## Work request
Transcribe all the records exactly and omit any images they hold.

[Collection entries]
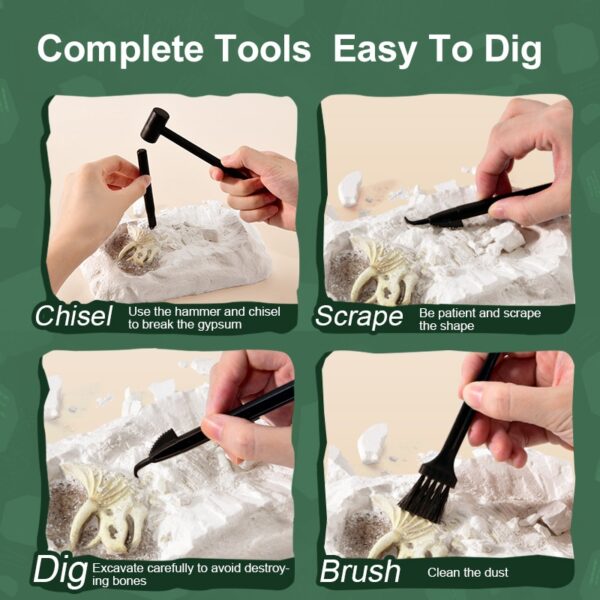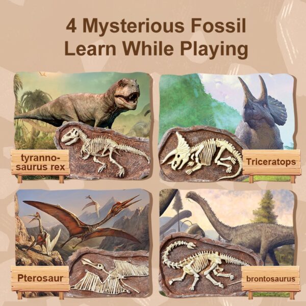 ได้สัมผัสกับความสนุกในการขุด พร้อมเรียนรู้เกี่ยวกับเหล่าไดโน (หลังคู่มือจะมีชื่อชนิดของไดโนเสาร์แต่ละชนิด)
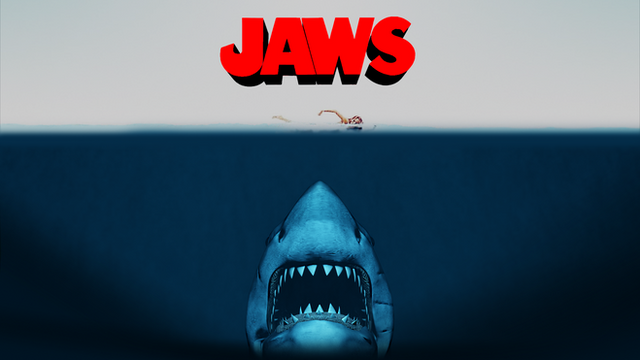 Jaws- *theme song plays* > *swimming towards Deadpool*
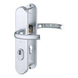 Aluminium afgerond inbraakwerend deurkrukgarnituur van massief aluminium, met rondom facet, conform DIN 18257 en NEN 5089, SKG®***-keurmerk. Buitenzijde met cilinder-kerntrekbeveiliging en stalen nokken, deurkruk met HOPPE-profielwisselstift. Binnenzijde voorzien van hooghoudveer en met zichtbare bevestiging met 3 x M6 kruiskop Bouten en deurkruk-gatdeel. Links en rechts bruikbaar.
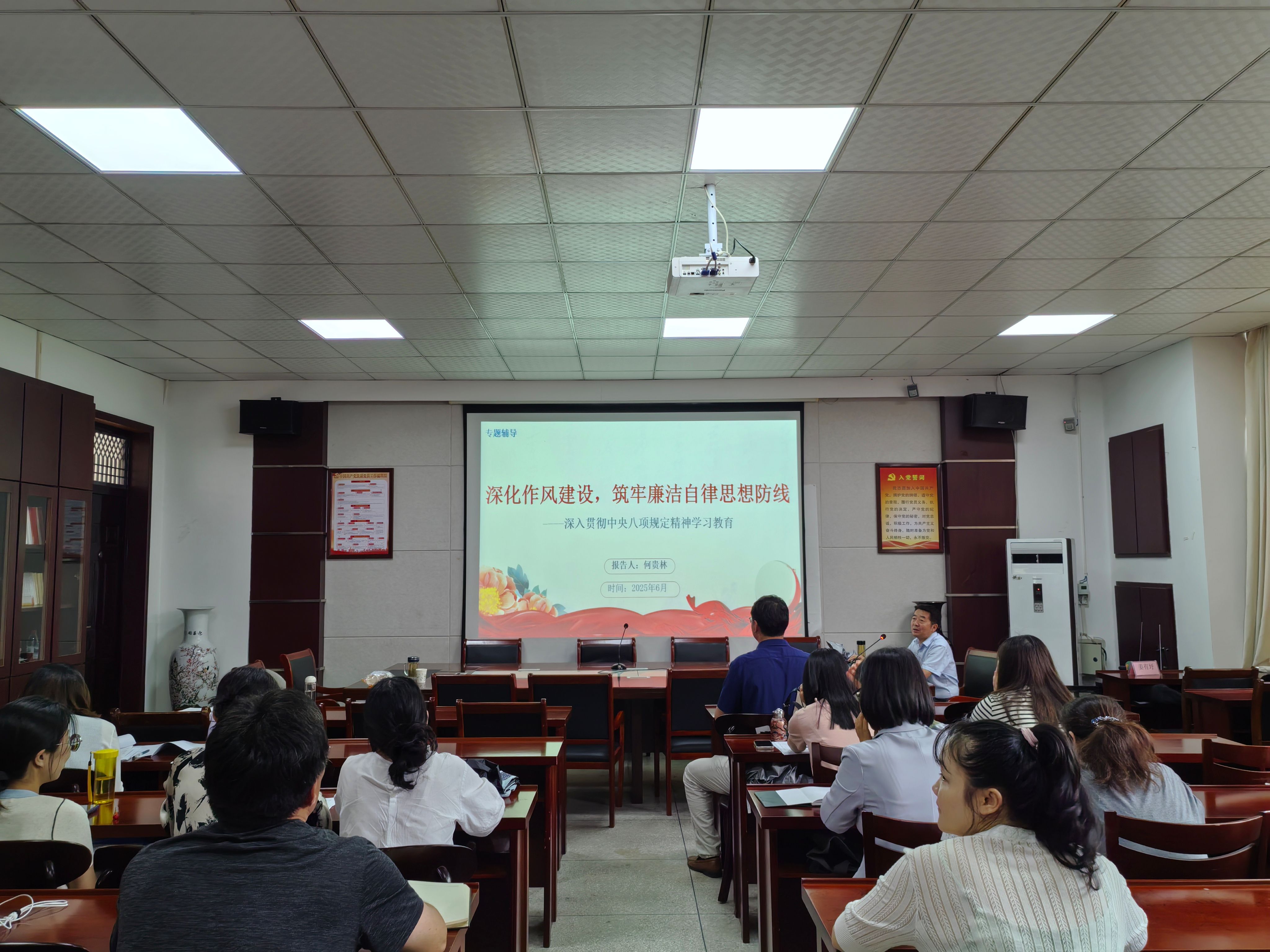 在党课过程中,何贵林还分享了一些加强作风建设的有效方法和经验。他建议党员教师要加强理论学习,深入学习党的纪律和规矩,不断提高自身的政治素养和纪律意识。
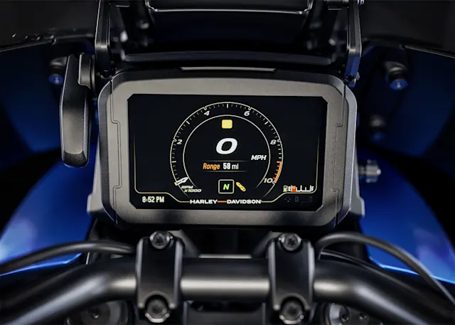 | Gauges | 6.8 inch viewable area TFT display with speedometer, gear, odometer, fuel level, clock, trip, ambient temp, low temp alert, side stand down alert, TIP over alert, cruise, range and tachometer indication BT capable – phone pairing to access phone calls, music, navigation (H-D App ONLY) |
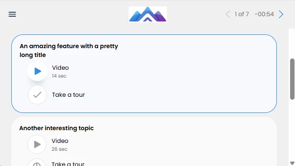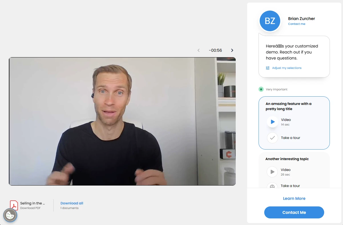 Experience Mode focuses fully on the experience itself to absorb the viewer into the video, personalization or tour you want them to experience. Controls and access to other features are then easily available on hover over to ensure the viewer still feels in control of the demo.
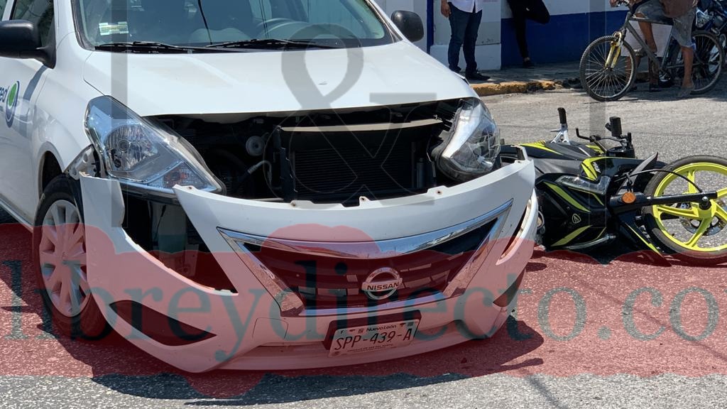Circulaba en aparente preferencia mismo que no logró frenar a tiempo y se proyecto contra el frente del vehículo para terminar en el pavimento con golpes contusos en el cuerpo Pero afortunadamente nada de gravedad, tanto el vehículo como la motocicleta presentaron daños de regular cuantía.
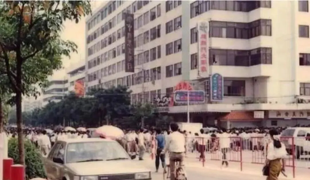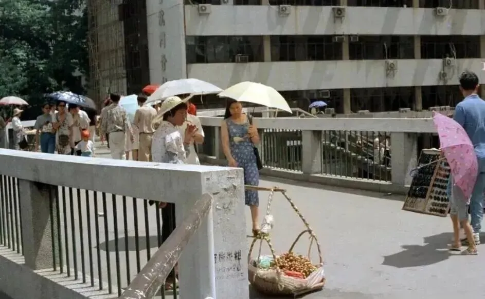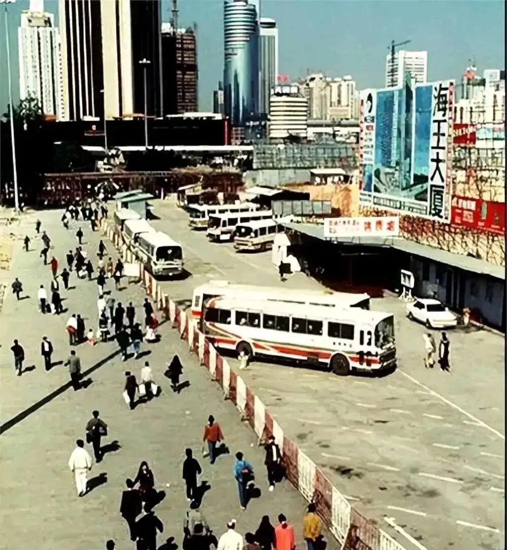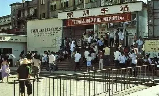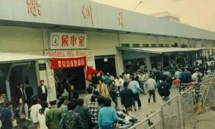 深圳站牌子下,密密一群人拥着往里进,门口铁栅栏和脚踏车排成队,谁家要是拉着孩子去外地,准得在这等老半天,外面小商贩肩膀上扛着箱子卖水,队里的小孩扒着大人的手,没别的心思,就盼早点挤进大厅歇一歇。
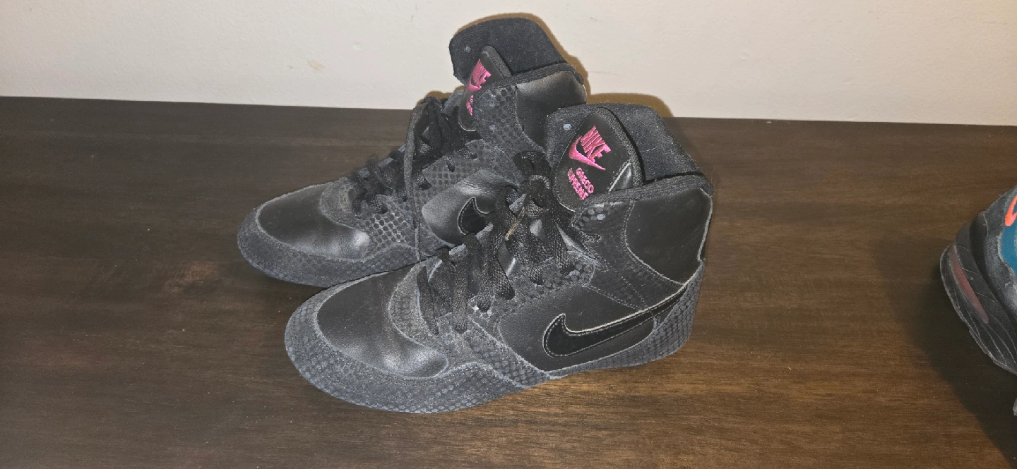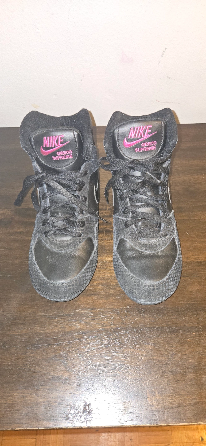 Selling a pair of Nike Greco Supreme wrestling shoes. They are black with pink Nike logos. Great for wrestling or training!
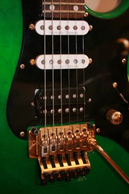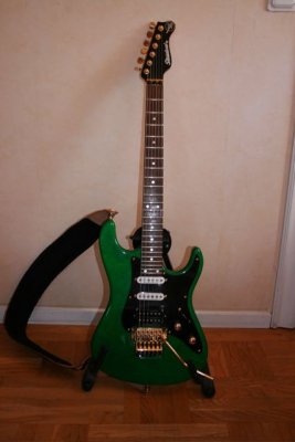 Mine is green transparent and has maple neck and rosewood fretboard, gold hardware, Kahler (Floyd Rose) tremolo, Kahler nut lock. Replaced the original EMG pickups with a Seymour Duncan JB Humbucker and two Seymoure Duncan STK-S1. I haven´t really used it on gigs since lately since I prefer my Fender Strat but it sounds better now when I replaced the pickups. It a wonderful instruments to play and it sounds great acoustic. A guy who then lived in LA brought the guitar over and I bought it from him. Exept from that guy I´m the only owner. He brought over two guitars, the other one was blue and a friend of mine bought it. He later sold it to a music shop in Värmland, Sweden 8-10 years ago. Would be great if it showed up here. Ii´m not sure about the serial number but it was pretty close to mine.
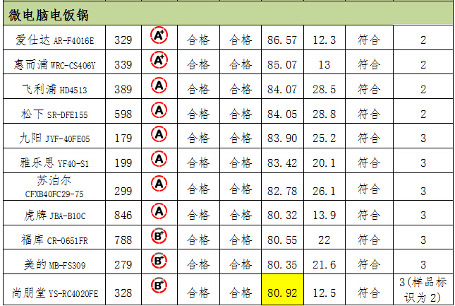 4.尚朋堂的微电脑电饭锅YS-RC4020FE能效虚标。尚朋堂该样品热效率实测值为80.92%,实测能效等级为三级,标识值为大于84%,标识能效等级为二级,出现虚标情况。
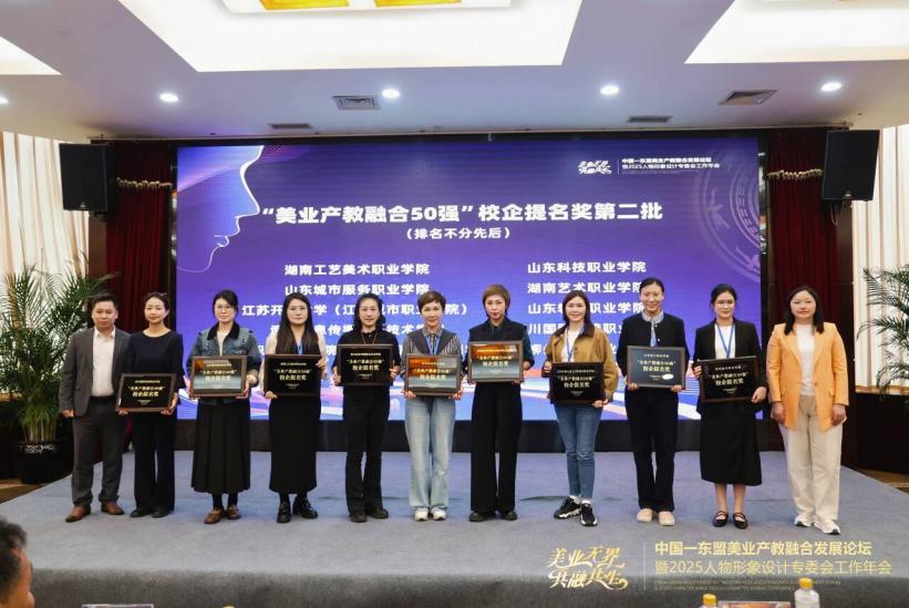 11月2日,由教育部职业院校艺术设计类专业教学指导委员会人物形象设计专业委员会主办,浙江纺织服装职业技术学院、广西纺织工业学校、广西艺术学院国际教育交流中心联合承办的“中国—东盟美业产教融合发展论坛暨2025人物形象设计专委会工作年会”在南宁圆满落幕。我校艺术学院形象艺术系夏雪敏副教授代表学院参会,并凭借在美业产教融合领域的卓越实践与突出成果,成功斩获“美业产教融合50强”校企提名奖,充分彰显了我校在美业职业教育领域的深厚积淀与行业认可度。
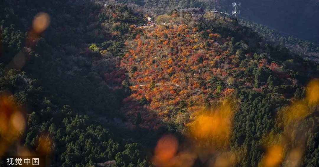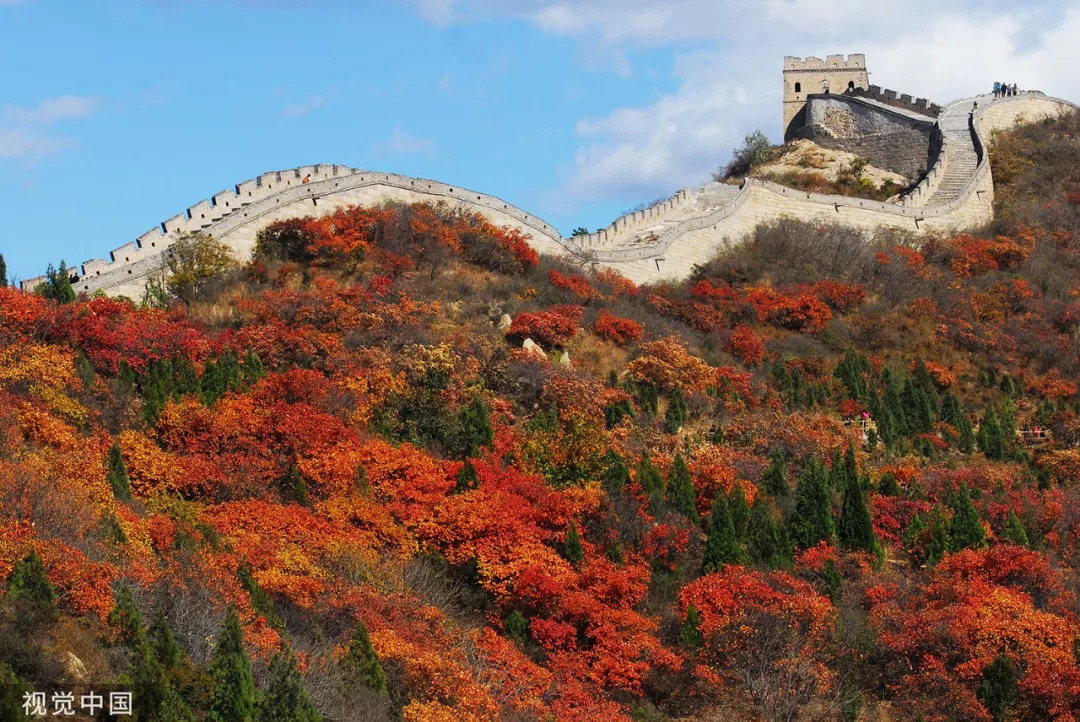 如果说香山的红叶是绚烂多彩的,站在长城眺望,则有一种苍茫感,瑟瑟秋风中,山上的红铺陈而下,蓝在天上,红在脚下,你可以看见天地的气势。
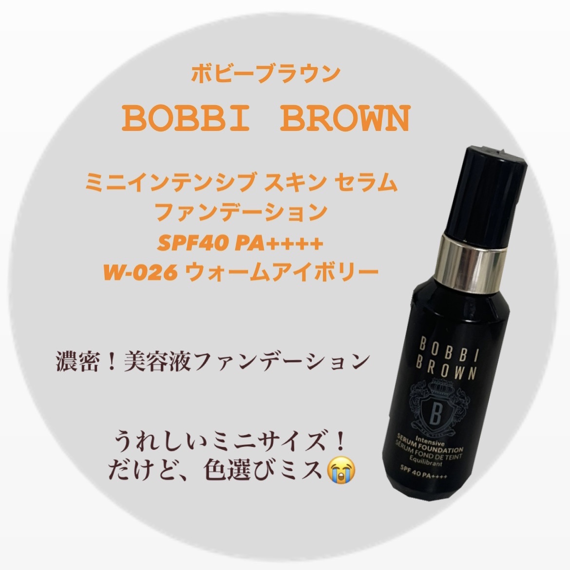 BOBBIBROWNインテンシブセラムファンデーションW-026ウォームアイボリー美容液ファンデだから軽くてツヤツヤなのをイメージしてたけど、良くも悪くも普通のファンデーションだった思ったよりカバー力が高いのは良かったけど、ツヤがそこまで無く...
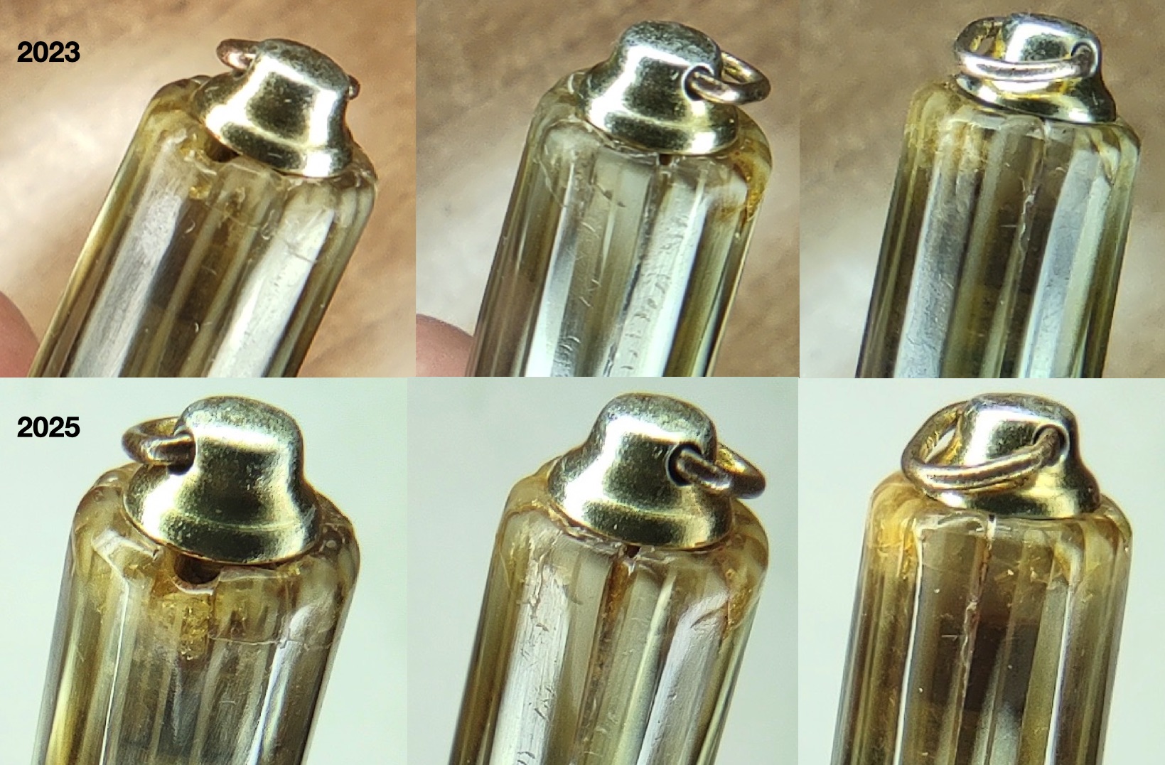 Per quanto riguarda la tenuta del collante, al momento è ancora ottima, è possibile maneggiare il cappuccio senza particolari accortezze , come per qualunque altro oggetto. Le grandi crepe longitudinali non sono avanzate e non si sono allargate.
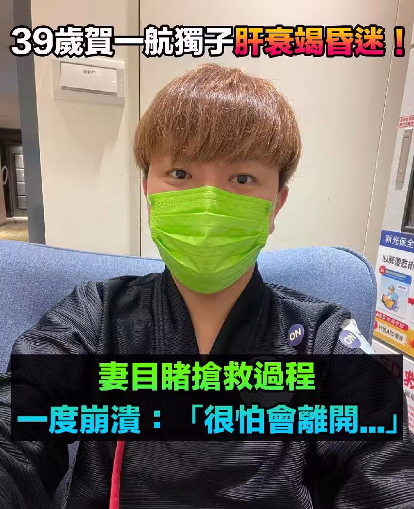 39歲賀一航獨子「肝衰竭昏迷…」緊急送醫搶救,妻目睹全過程崩潰:「很怕會離開」
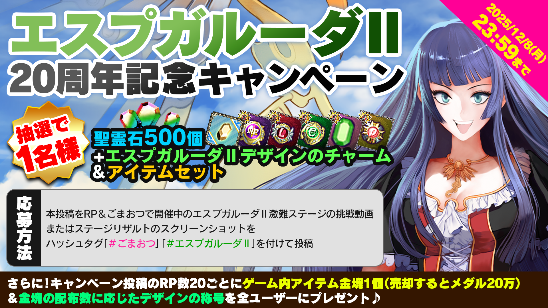 キャンペーン対象の投稿をリポスト&エスプガルーダⅡ激難ステージ「ずっとこの時を待っていた」内のステージに挑戦してステージリザルトのスクリーンショット、または挑戦動画をハッシュタグとともに投稿すると、抽選で1名様に聖霊石500個+エスプガルーダIIデザインのゲーム内アイテムセットをプレゼントいたします。
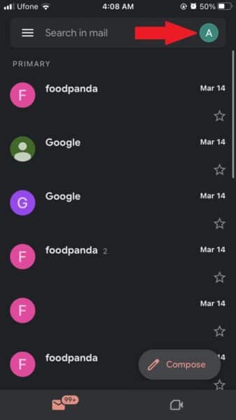 - 画面の右上隅にあるユーザーアイコンをタップします。これにより、Gmailアプリのアカウント設定に表示されます。

## Task output
 ได้สัมผัสกับความสนุกในการขุด พร้อมเรียนรู้เกี่ยวกับเหล่าไดโน (หลังคู่มือจะมีชื่อชนิดของไดโนเสาร์แต่ละชนิด)
 Jaws- *theme song plays* > *swimming towards Deadpool*
 Aluminium afgerond inbraakwerend deurkrukgarnituur van massief aluminium, met rondom facet, conform DIN 18257 en NEN 5089, SKG®***-keurmerk. Buitenzijde met cilinder-kerntrekbeveiliging en stalen nokken, deurkruk met HOPPE-profielwisselstift. Binnenzijde voorzien van hooghoudveer en met zichtbare bevestiging met 3 x M6 kruiskop Bouten en deurkruk-gatdeel. Links en rechts bruikbaar.
 在党课过程中,何贵林还分享了一些加强作风建设的有效方法和经验。他建议党员教师要加强理论学习,深入学习党的纪律和规矩,不断提高自身的政治素养和纪律意识。
 | Gauges | 6.8 inch viewable area TFT display with speedometer, gear, odometer, fuel level, clock, trip, ambient temp, low temp alert, side stand down alert, TIP over alert, cruise, range and tachometer indication BT capable – phone pairing to access phone calls, music, navigation (H-D App ONLY) |
 Experience Mode focuses fully on the experience itself to absorb the viewer into the video, personalization or tour you want them to experience. Controls and access to other features are then easily available on hover over to ensure the viewer still feels in control of the demo.
Circulaba en aparente preferencia mismo que no logró frenar a tiempo y se proyecto contra el frente del vehículo para terminar en el pavimento con golpes contusos en el cuerpo Pero afortunadamente nada de gravedad, tanto el vehículo como la motocicleta presentaron daños de regular cuantía.
 深圳站牌子下,密密一群人拥着往里进,门口铁栅栏和脚踏车排成队,谁家要是拉着孩子去外地,准得在这等老半天,外面小商贩肩膀上扛着箱子卖水,队里的小孩扒着大人的手,没别的心思,就盼早点挤进大厅歇一歇。
 Selling a pair of Nike Greco Supreme wrestling shoes. They are black with pink Nike logos. Great for wrestling or training!
 Mine is green transparent and has maple neck and rosewood fretboard, gold hardware, Kahler (Floyd Rose) tremolo, Kahler nut lock. Replaced the original EMG pickups with a Seymour Duncan JB Humbucker and two Seymoure Duncan STK-S1. I haven´t really used it on gigs since lately since I prefer my Fender Strat but it sounds better now when I replaced the pickups. It a wonderful instruments to play and it sounds great acoustic. A guy who then lived in LA brought the guitar over and I bought it from him. Exept from that guy I´m the only owner. He brought over two guitars, the other one was blue and a friend of mine bought it. He later sold it to a music shop in Värmland, Sweden 8-10 years ago. Would be great if it showed up here. Ii´m not sure about the serial number but it was pretty close to mine.
 4.尚朋堂的微电脑电饭锅YS-RC4020FE能效虚标。尚朋堂该样品热效率实测值为80.92%,实测能效等级为三级,标识值为大于84%,标识能效等级为二级,出现虚标情况。
 11月2日,由教育部职业院校艺术设计类专业教学指导委员会人物形象设计专业委员会主办,浙江纺织服装职业技术学院、广西纺织工业学校、广西艺术学院国际教育交流中心联合承办的“中国—东盟美业产教融合发展论坛暨2025人物形象设计专委会工作年会”在南宁圆满落幕。我校艺术学院形象艺术系夏雪敏副教授代表学院参会,并凭借在美业产教融合领域的卓越实践与突出成果,成功斩获“美业产教融合50强”校企提名奖,充分彰显了我校在美业职业教育领域的深厚积淀与行业认可度。
 如果说香山的红叶是绚烂多彩的,站在长城眺望,则有一种苍茫感,瑟瑟秋风中,山上的红铺陈而下,蓝在天上,红在脚下,你可以看见天地的气势。
 BOBBIBROWNインテンシブセラムファンデーションW-026ウォームアイボリー美容液ファンデだから軽くてツヤツヤなのをイメージしてたけど、良くも悪くも普通のファンデーションだった思ったよりカバー力が高いのは良かったけど、ツヤがそこまで無く...
 Per quanto riguarda la tenuta del collante, al momento è ancora ottima, è possibile maneggiare il cappuccio senza particolari accortezze , come per qualunque altro oggetto. Le grandi crepe longitudinali non sono avanzate e non si sono allargate.
 39歲賀一航獨子「肝衰竭昏迷…」緊急送醫搶救,妻目睹全過程崩潰:「很怕會離開」
 キャンペーン対象の投稿をリポスト&エスプガルーダⅡ激難ステージ「ずっとこの時を待っていた」内のステージに挑戦してステージリザルトのスクリーンショット、または挑戦動画をハッシュタグとともに投稿すると、抽選で1名様に聖霊石500個+エスプガルーダIIデザインのゲーム内アイテムセットをプレゼントいたします。
 - 画面の右上隅にあるユーザーアイコンをタップします。これにより、Gmailアプリのアカウント設定に表示されます。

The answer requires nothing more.